A scholarly and richly detailed account, Kempe’s book is also quick-moving and exciting. At times, it reads like a well-researched and well-footnoted spy novel, with its tightly-written fly-on-the-wall accounts of high-level manoeuvering, Cold War posturing, and clandestine back-channel meetings.

Kempe does an admirable job of recreating the mood of the time, and delving into the motivations—and misperceptions—of the major players. While it’s clear that U.S. president John F. Kennedy and Soviet leader Nikita Khrushchev were both looking for some form of peaceful coexistence, their inherent mistrust of each other proved a major stumbling block, and set in motion a number of dangerous events.

As Kempe illustrates, the lead-up to the crisis makes one thing abundantly clear: it’s no picnic being a world leader. Trying to decipher cryptic messages from your adversary, dealing with both hawks and doves in your own administration, and keeping your international allies happy was, and still is, a completely thankless job. It’s a great insight into the pressures of the job—at one point, Kennedy’s turmoil is palpable, as he tearfully tells his brother Bobby, “We bring these things on ourselves. The thought, though, of women and children perishing in a nuclear exchange, I can’t adjust to that.”

The problem with Kempe’s book is that, while he excels at recreating history, his analysis winds up falling flat. Although he goes through the motions of being impartial, it becomes evident that he’s part of the “Kennedy lost Cuba, Kennedy lost Berlin” crowd, convinced that if the president had only been tougher on the Russians we could have won the Cold War that much earlier.

A telltale sign comes when Kempe uses a quote (not just once, but twice) about Kennedy from hawkish former secretary of state Dean Acheson, a hardliner on Berlin: “They were watching a gifted young amateur practice with a boomerang, when they saw, to their horror, that he had knocked himself out.” From that point on, you know just where he’s headed.

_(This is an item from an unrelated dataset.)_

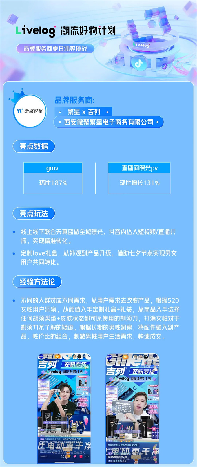 品牌服務(wù)商「西安微聚繁星電子商務(wù)有限公司」與「吉列」聚焦七夕節(jié)日關(guān)鍵詞,打造七夕主題直播間。選品上以任何胡須類(lèi)型+皮膚狀態(tài)都可以使用的剃須刀及附帶配件的性價(jià)比組合促進(jìn)人群破圈;包裝上從顏值入手,打造定制love禮盒營(yíng)造節(jié)日氛圍。此外,活動(dòng)期間針對(duì)不同人群需求發(fā)布大量針對(duì)性短視頻引流,快速覆蓋精準(zhǔn)人群,最終實(shí)現(xiàn)直播間曝光環(huán)比增長(zhǎng)131%,GMV環(huán)比增長(zhǎng)187%。

And when one considers the fact that Kempe helms the Atlantic Council—a conservative think tank cofounded by Acheson—it’s not difficult to see where his beliefs, and loyalties, lie.

In reality, Kennedy was merely following accepted U.S. policy since the end of World War II, which had effectively ceded Eastern Europe to the Soviets. To Kennedy, the real danger lay in the continued spread of Communism (primarily in Asia and Latin America) than in what the East Germans were doing to their already sovietized population. Containment, not rollback, was already standard operating procedure.

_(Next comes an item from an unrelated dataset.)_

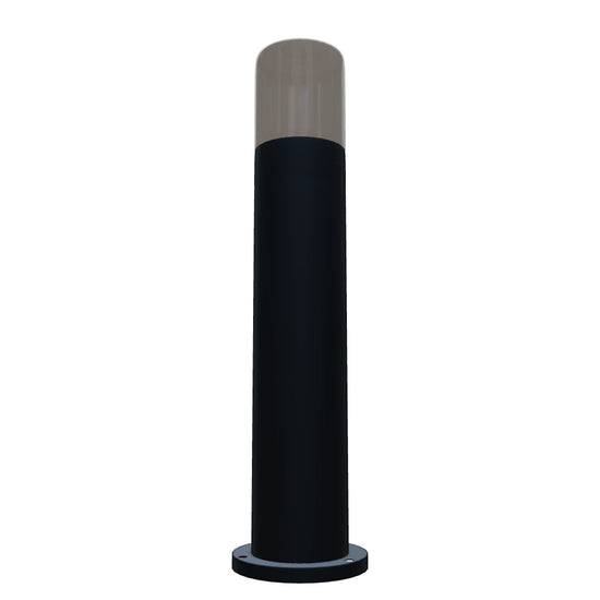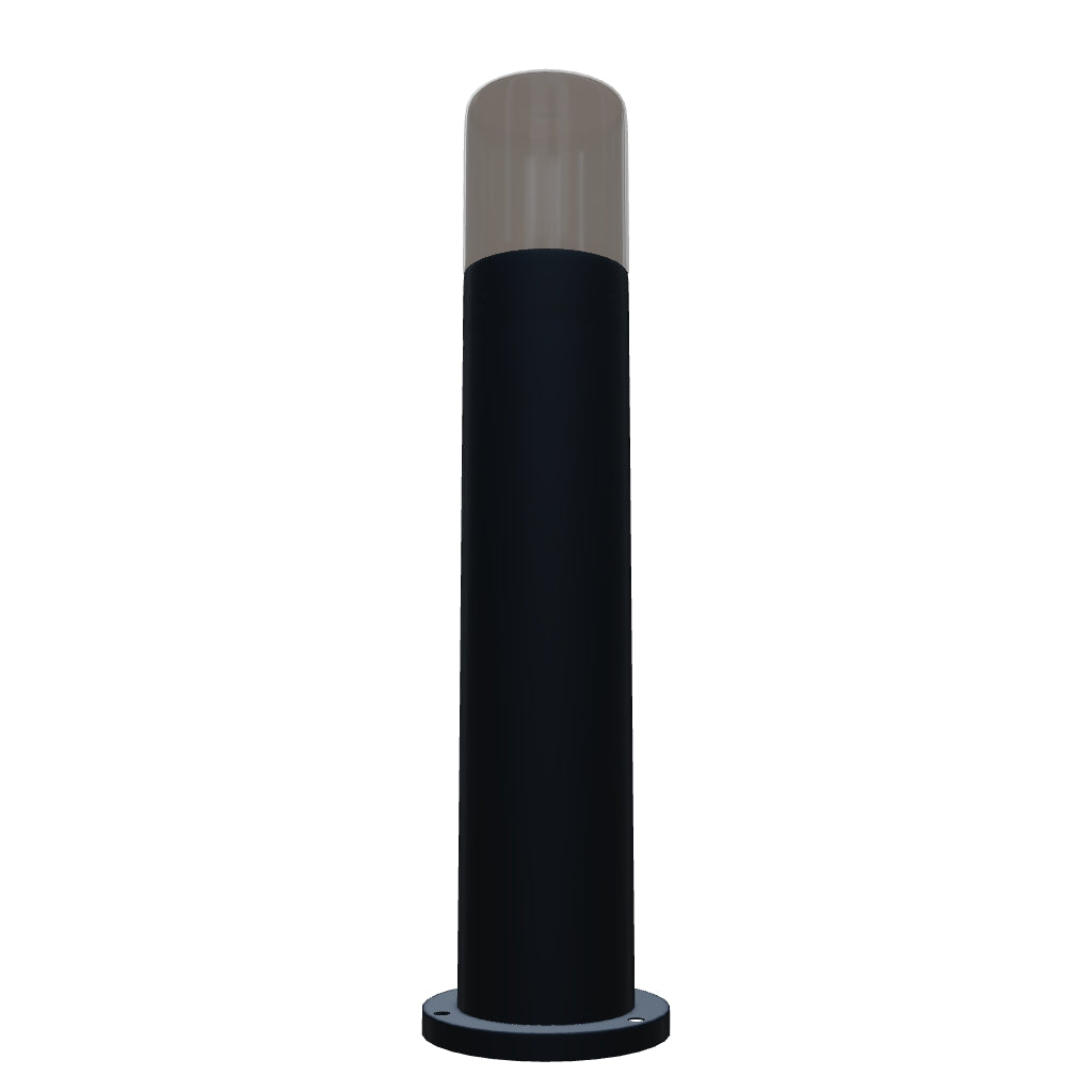 Outdoor bollard with amber glass for ambient lighting, designed for LED bulbs with an E27 base.

His conclusions aside, Kempe is a masterful storyteller, and the highlight of the book comes in the 40-page chapter covering the period of August 9 to 13, 1961, detailing construction of the wall. It’s an enthralling account, presented with all the urgency of the actual events. If nothing else, Kempe brings the story to life, and reminds us just how important, both ideologically and strategically, the Berlin Wall was.

After all, as Kennedy tells an aide when the crisis breaks, “a wall is a hell of a lot better than a war.”